_Records for the task_.
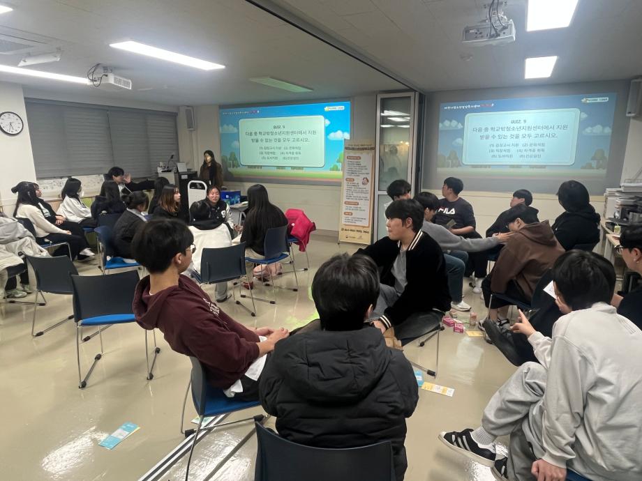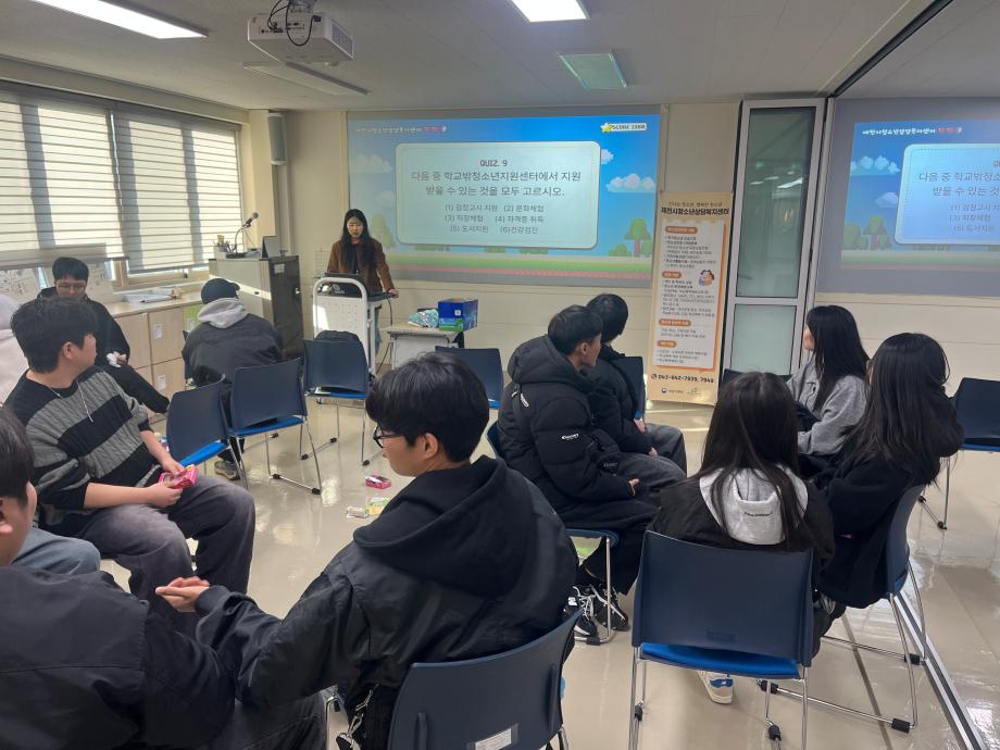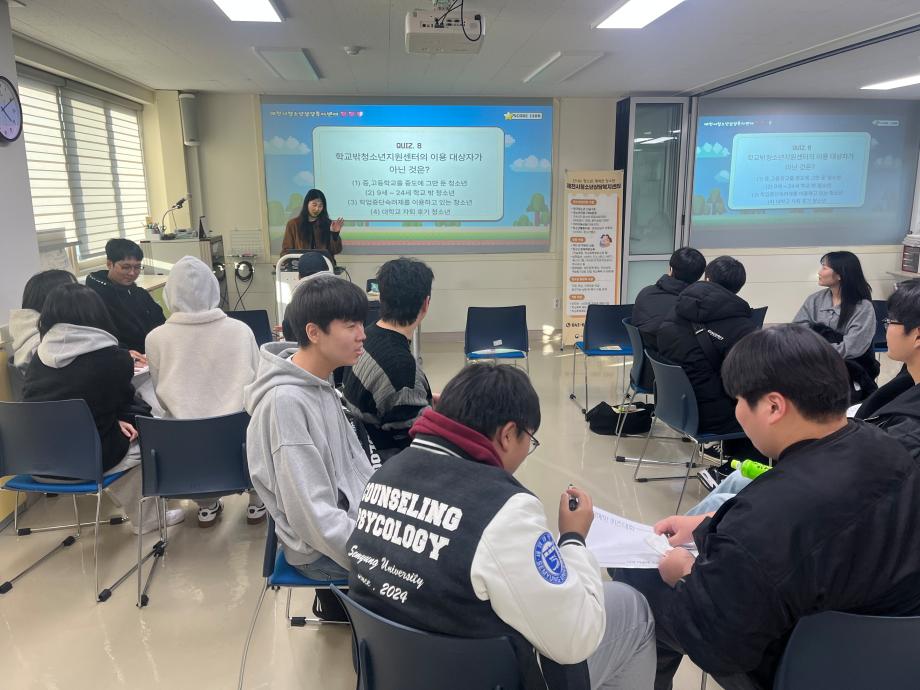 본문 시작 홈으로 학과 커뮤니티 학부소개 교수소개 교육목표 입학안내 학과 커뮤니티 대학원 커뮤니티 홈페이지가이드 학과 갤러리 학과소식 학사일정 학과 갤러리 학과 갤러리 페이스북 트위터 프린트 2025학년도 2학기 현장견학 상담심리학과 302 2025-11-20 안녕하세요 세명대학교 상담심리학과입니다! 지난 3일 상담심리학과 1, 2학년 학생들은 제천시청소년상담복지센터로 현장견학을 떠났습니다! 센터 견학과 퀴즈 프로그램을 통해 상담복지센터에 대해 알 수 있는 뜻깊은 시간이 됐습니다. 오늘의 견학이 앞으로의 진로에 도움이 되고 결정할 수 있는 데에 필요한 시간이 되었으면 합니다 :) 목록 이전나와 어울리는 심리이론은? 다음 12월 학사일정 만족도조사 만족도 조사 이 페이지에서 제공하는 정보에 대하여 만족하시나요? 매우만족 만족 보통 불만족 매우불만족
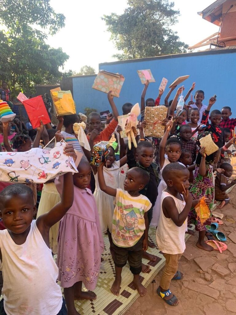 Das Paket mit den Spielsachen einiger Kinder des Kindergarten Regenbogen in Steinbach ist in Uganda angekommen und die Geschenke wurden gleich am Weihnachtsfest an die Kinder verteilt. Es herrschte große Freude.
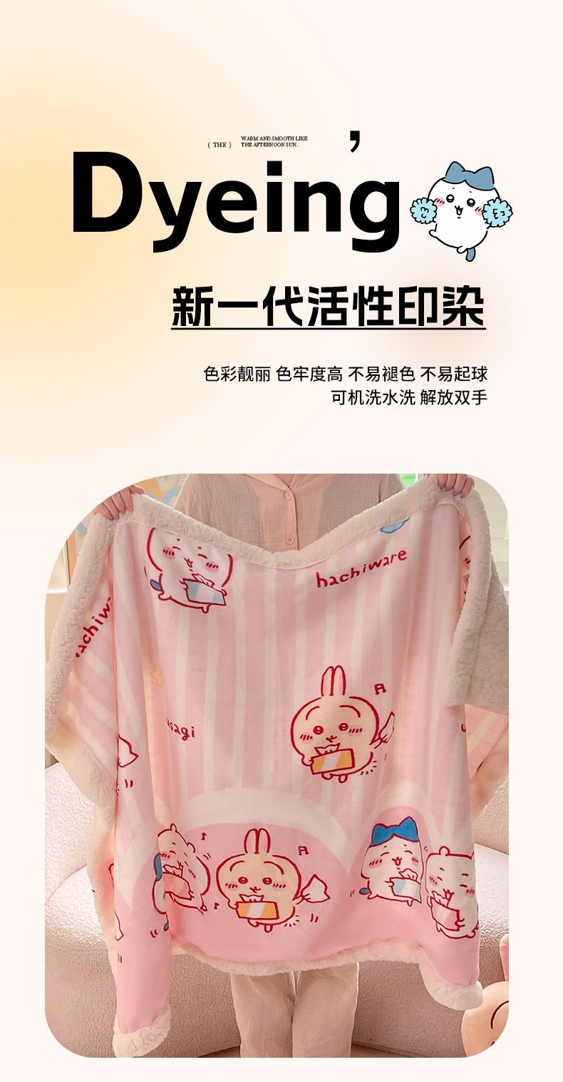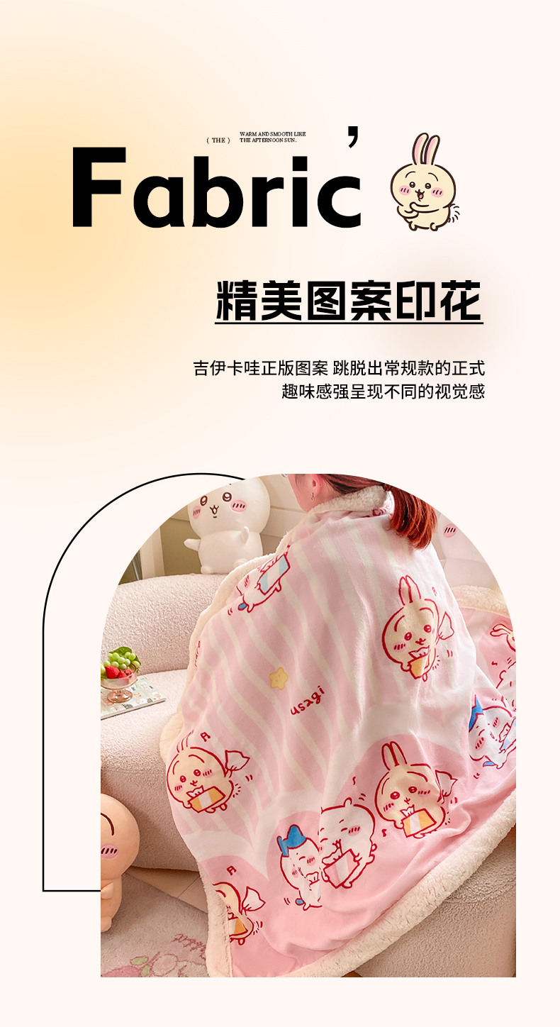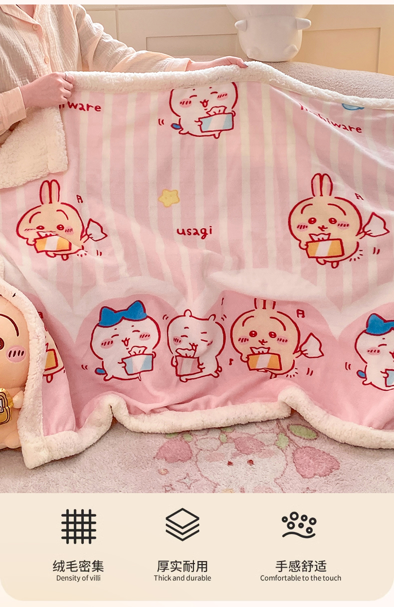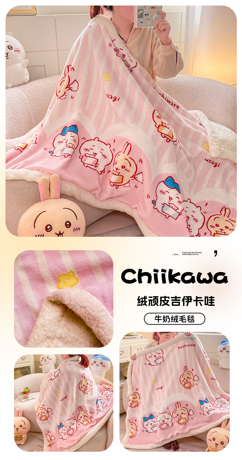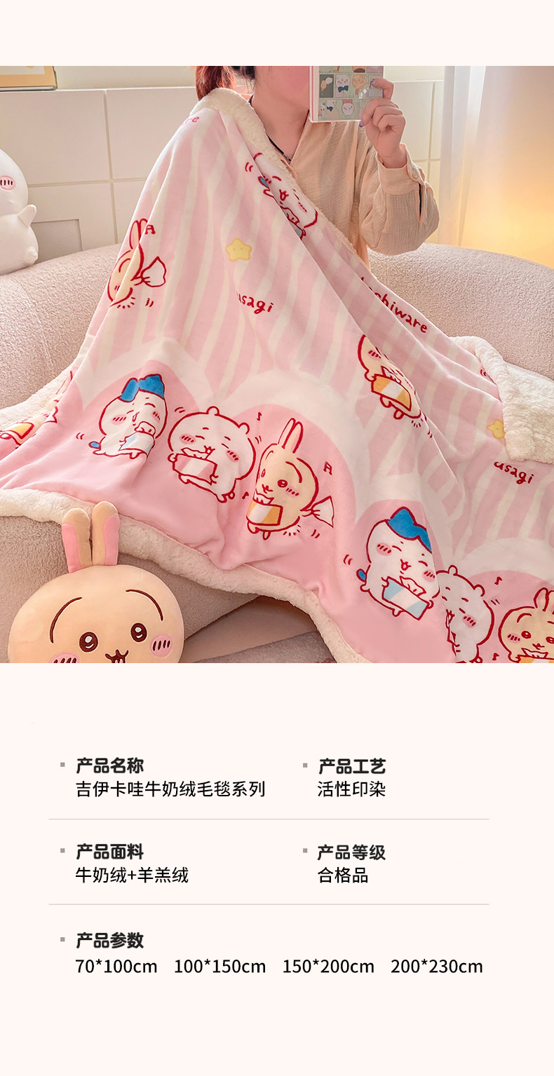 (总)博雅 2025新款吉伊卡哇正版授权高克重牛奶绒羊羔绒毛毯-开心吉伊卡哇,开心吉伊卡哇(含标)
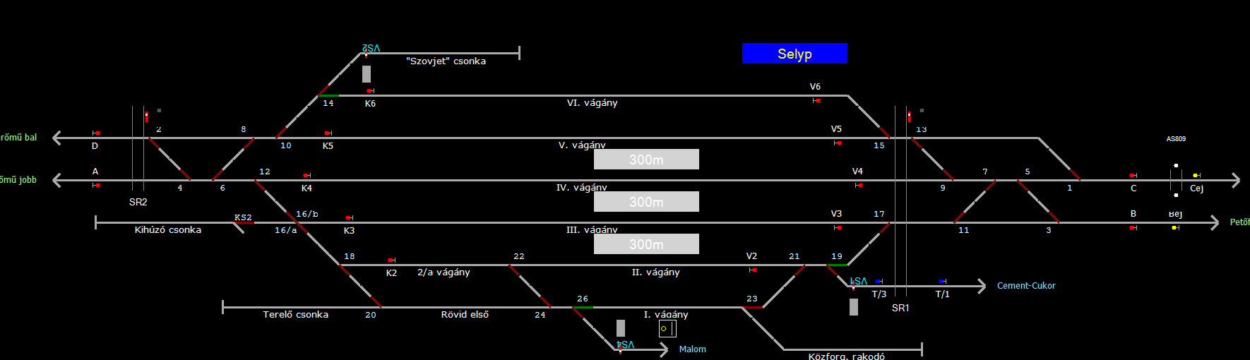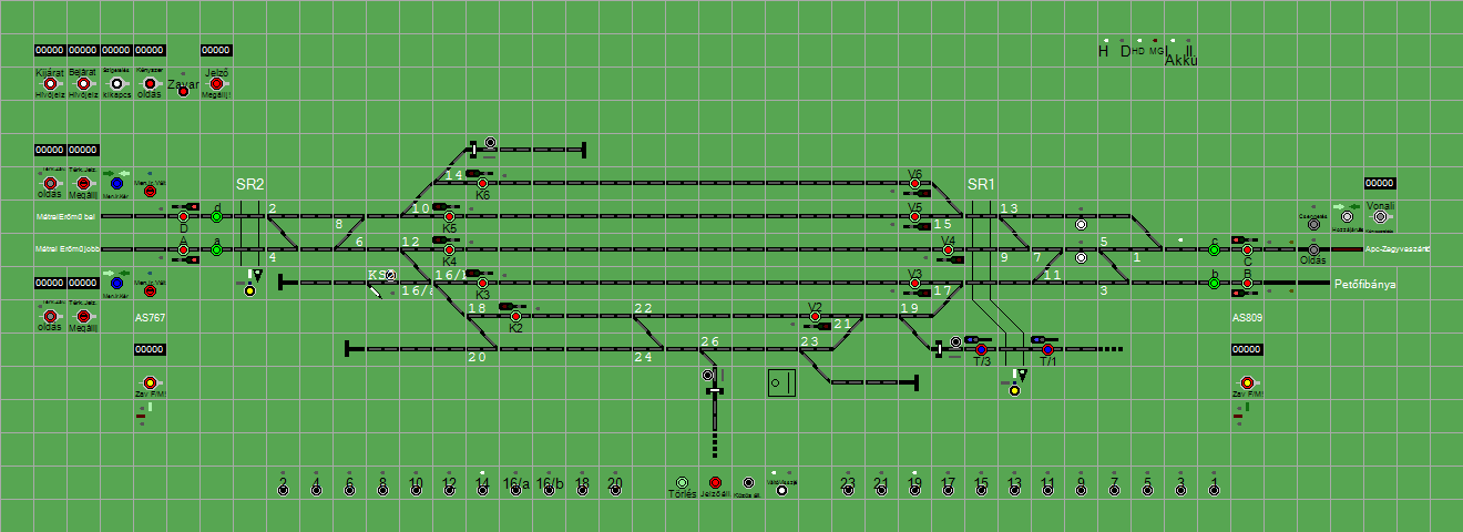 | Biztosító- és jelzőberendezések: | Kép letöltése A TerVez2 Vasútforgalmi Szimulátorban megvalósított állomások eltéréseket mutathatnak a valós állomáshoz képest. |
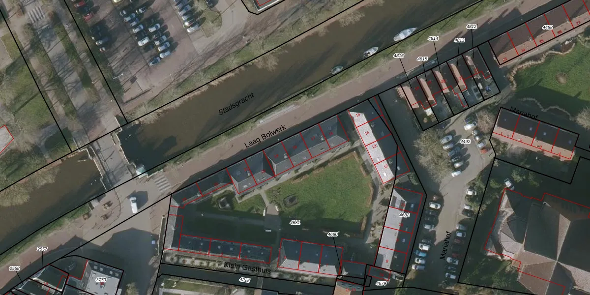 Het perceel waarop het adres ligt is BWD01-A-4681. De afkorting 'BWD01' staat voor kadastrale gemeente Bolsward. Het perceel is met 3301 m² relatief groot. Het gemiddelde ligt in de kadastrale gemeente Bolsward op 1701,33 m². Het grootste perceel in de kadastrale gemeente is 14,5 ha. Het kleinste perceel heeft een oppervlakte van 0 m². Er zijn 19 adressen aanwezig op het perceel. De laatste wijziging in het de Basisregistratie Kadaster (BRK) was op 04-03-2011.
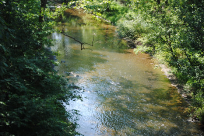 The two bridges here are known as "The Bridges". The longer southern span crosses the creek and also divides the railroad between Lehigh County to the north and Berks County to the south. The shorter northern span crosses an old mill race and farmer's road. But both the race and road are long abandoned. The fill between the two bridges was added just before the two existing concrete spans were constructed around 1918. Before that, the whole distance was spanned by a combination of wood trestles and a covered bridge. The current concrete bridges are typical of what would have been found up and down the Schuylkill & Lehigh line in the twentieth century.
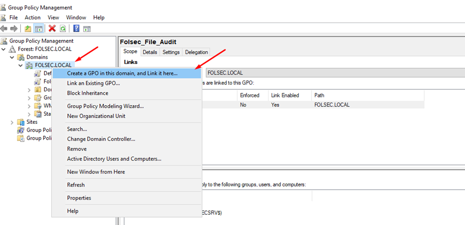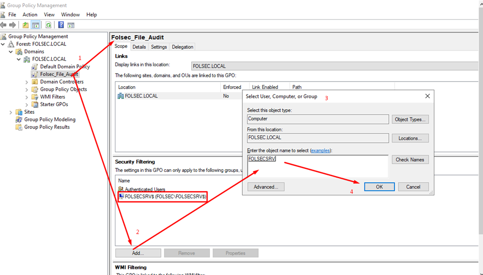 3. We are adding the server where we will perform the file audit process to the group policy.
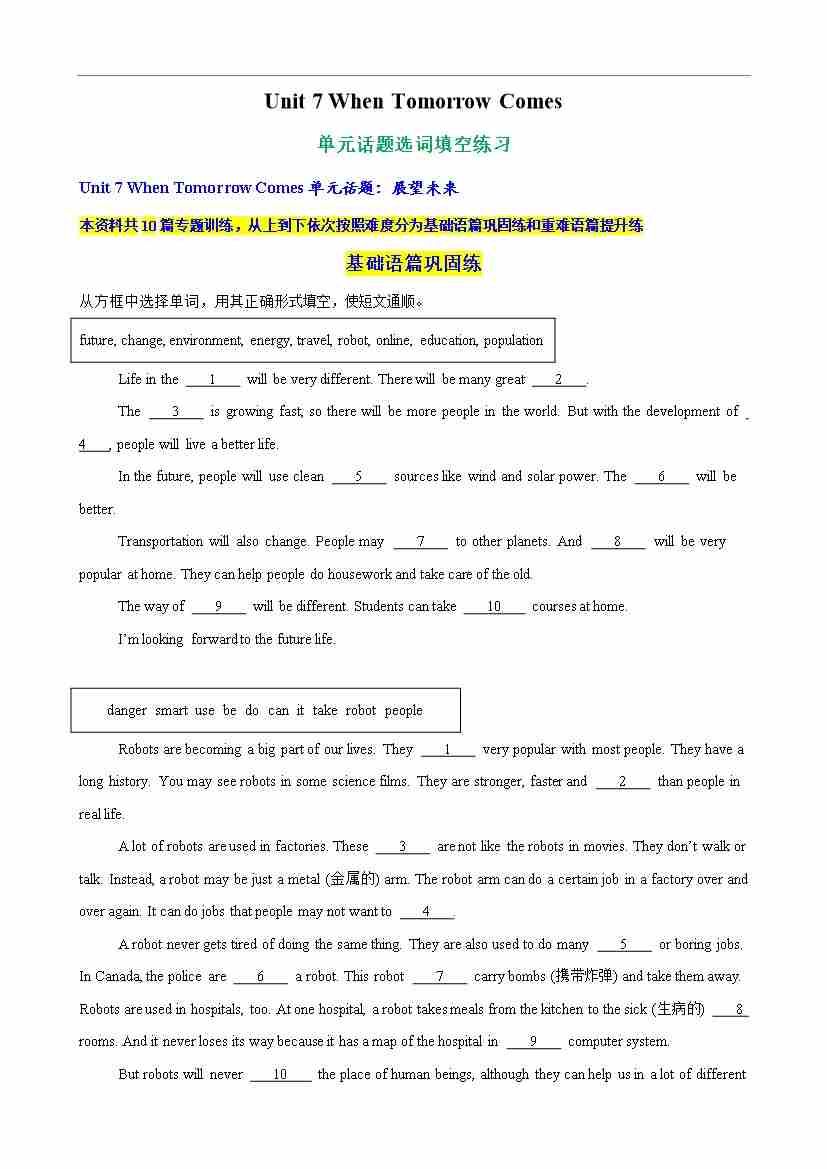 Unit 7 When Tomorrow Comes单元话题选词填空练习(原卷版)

_Exercise goal_.
Write out the entries above word for word. Do not include the pictures.

_Exercise result_.
 본문 시작 홈으로 학과 커뮤니티 학부소개 교수소개 교육목표 입학안내 학과 커뮤니티 대학원 커뮤니티 홈페이지가이드 학과 갤러리 학과소식 학사일정 학과 갤러리 학과 갤러리 페이스북 트위터 프린트 2025학년도 2학기 현장견학 상담심리학과 302 2025-11-20 안녕하세요 세명대학교 상담심리학과입니다! 지난 3일 상담심리학과 1, 2학년 학생들은 제천시청소년상담복지센터로 현장견학을 떠났습니다! 센터 견학과 퀴즈 프로그램을 통해 상담복지센터에 대해 알 수 있는 뜻깊은 시간이 됐습니다. 오늘의 견학이 앞으로의 진로에 도움이 되고 결정할 수 있는 데에 필요한 시간이 되었으면 합니다 :) 목록 이전나와 어울리는 심리이론은? 다음 12월 학사일정 만족도조사 만족도 조사 이 페이지에서 제공하는 정보에 대하여 만족하시나요? 매우만족 만족 보통 불만족 매우불만족
 Das Paket mit den Spielsachen einiger Kinder des Kindergarten Regenbogen in Steinbach ist in Uganda angekommen und die Geschenke wurden gleich am Weihnachtsfest an die Kinder verteilt. Es herrschte große Freude.
 (总)博雅 2025新款吉伊卡哇正版授权高克重牛奶绒羊羔绒毛毯-开心吉伊卡哇,开心吉伊卡哇(含标)
 | Biztosító- és jelzőberendezések: | Kép letöltése A TerVez2 Vasútforgalmi Szimulátorban megvalósított állomások eltéréseket mutathatnak a valós állomáshoz képest. |
 Het perceel waarop het adres ligt is BWD01-A-4681. De afkorting 'BWD01' staat voor kadastrale gemeente Bolsward. Het perceel is met 3301 m² relatief groot. Het gemiddelde ligt in de kadastrale gemeente Bolsward op 1701,33 m². Het grootste perceel in de kadastrale gemeente is 14,5 ha. Het kleinste perceel heeft een oppervlakte van 0 m². Er zijn 19 adressen aanwezig op het perceel. De laatste wijziging in het de Basisregistratie Kadaster (BRK) was op 04-03-2011.
 The two bridges here are known as "The Bridges". The longer southern span crosses the creek and also divides the railroad between Lehigh County to the north and Berks County to the south. The shorter northern span crosses an old mill race and farmer's road. But both the race and road are long abandoned. The fill between the two bridges was added just before the two existing concrete spans were constructed around 1918. Before that, the whole distance was spanned by a combination of wood trestles and a covered bridge. The current concrete bridges are typical of what would have been found up and down the Schuylkill & Lehigh line in the twentieth century.
 3. We are adding the server where we will perform the file audit process to the group policy.
 Unit 7 When Tomorrow Comes单元话题选词填空练习(原卷版)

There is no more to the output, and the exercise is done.